Approach 2: ETL into BigQuery with Cloud Dataflow

In this section of the tutorial, instead of using the BigQuery UI, you use a sample program to load data into BigQuery by using a Cloud Dataflow pipeline. Then, you use the Cloud Dataflow programming model to denormalize and cleanse data to load into BigQuery.

Before you begin, review the concepts and the sample code.

Review the concepts

Although the data is small and can quickly be uploaded by using the BigQuery UI, for the purpose of this tutorial you can also use Cloud Dataflow for ETL. Use Cloud Dataflow for ETL into BigQuery instead of the BigQuery UI when you are performing massive joins, that is, from around 500-5000 columns of more than 10 TB of data, with the following goals:

  • You want to clean or transform your data as it's loaded into BigQuery, instead of storing it and joining afterwards. As a result, this approach also has lower storage requirements because data is only stored in BiqQuery in it's joined and transformed state.
  • You plan to do custom data cleansing (which cannot be simply achieved with SQL).
  • You plan to combine the data with data outside of the OLTP, such as logs or remotely accessed data, during the loading process.
  • You plan to automate testing and deployment of data-loading logic using continuous integration or continuous deployment (CI/CD).
  • You anticipate gradual iteration, enhancement, and improvement of the ETL process over time.
  • You plan to add data incrementally, as opposed to performing a one-time ETL.

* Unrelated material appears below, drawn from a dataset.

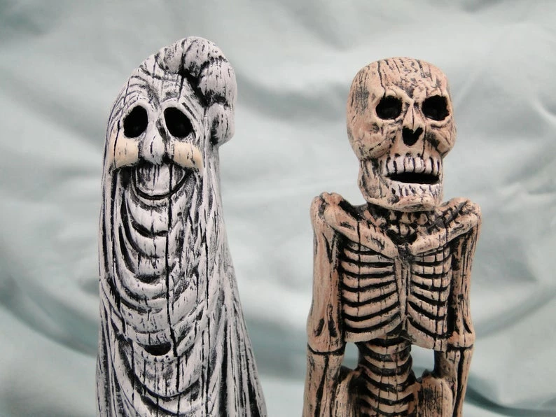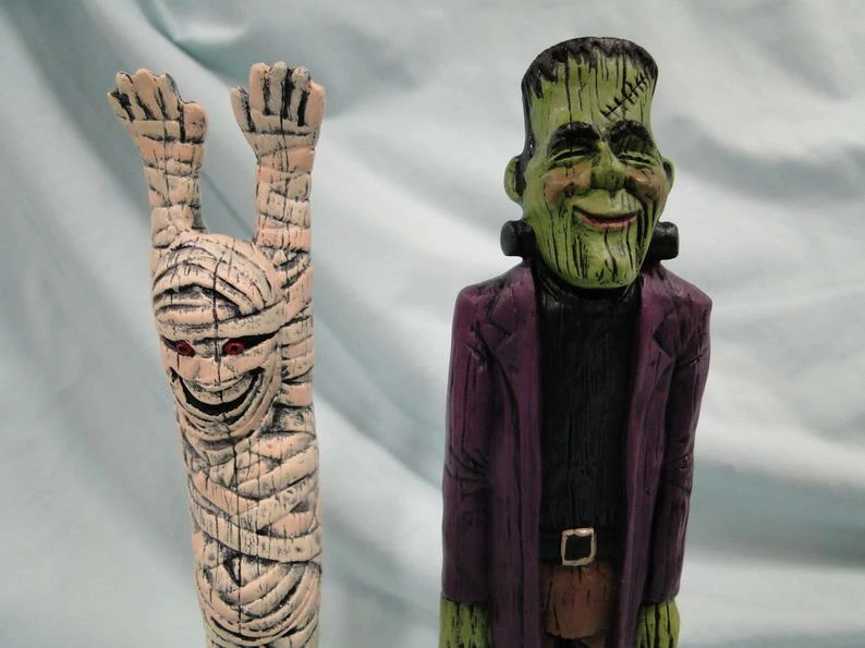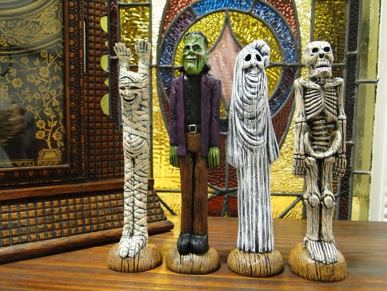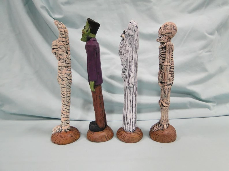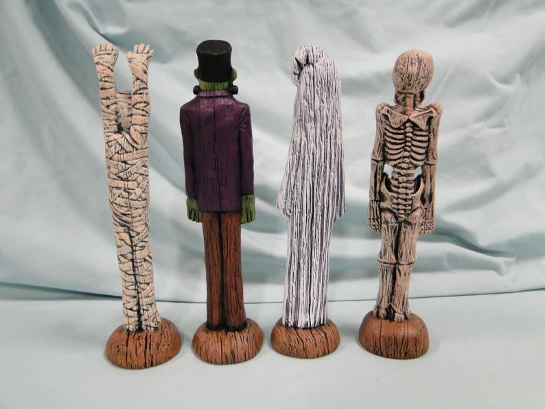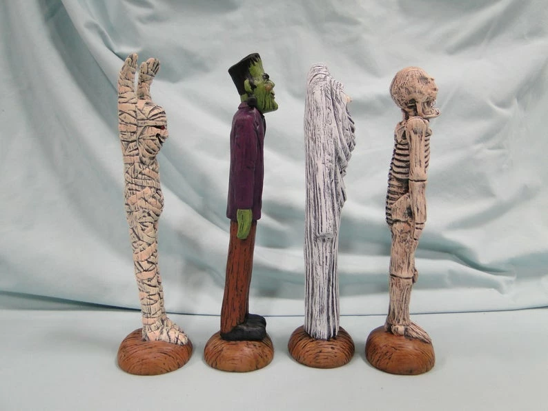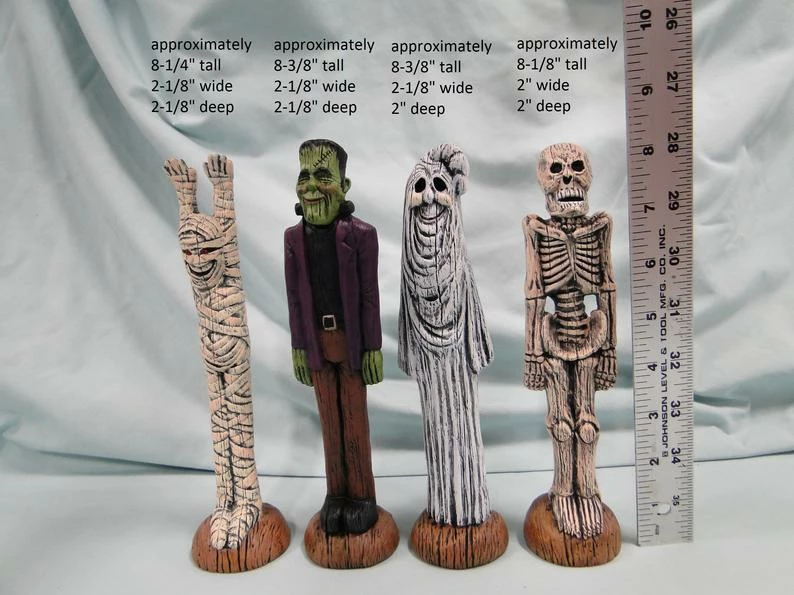Purchaser will receive the exact item in the pictures and not a duplicate or look-a-like. Cast by me from an original vintage mold. Skeleton stands approximately 8-1/8 inches tall, 2 inches wide, and 2 inches deep. Mummy stands approximately 8-1/4 inches tall, 2-1/8 inches wide, and 2-1/8 inches deep. Frankenstein stands approximately 8-3/8 inches tall, 2-1/8 inches wide, and 2-1/8 inches deep. The ghost stands approximately 8-3/8 inches tall, 2-1/8 inches wide, and 2 inches deep. Item also has a matte sealer to protect the antique and dry brush painting technique making it keepsake for future generations to cherish. Item may be cleaned by wiping with a lightly dampened cloth.

Here's a diagram of the data pipeline that's created by the sample program:

Data pipeline using BigQuery.

In the example code, many of the pipeline steps are grouped or wrapped in convenience methods, given descriptive names, and reused. In the diagram, reused steps are indicated by dashed borders.

Review the pipeline code

The code creates a pipeline that performs the following steps:

  1. Loads each table that you want to be part of the join into a PCollection of strings. Each element comprises the JSON representation of a row of the table.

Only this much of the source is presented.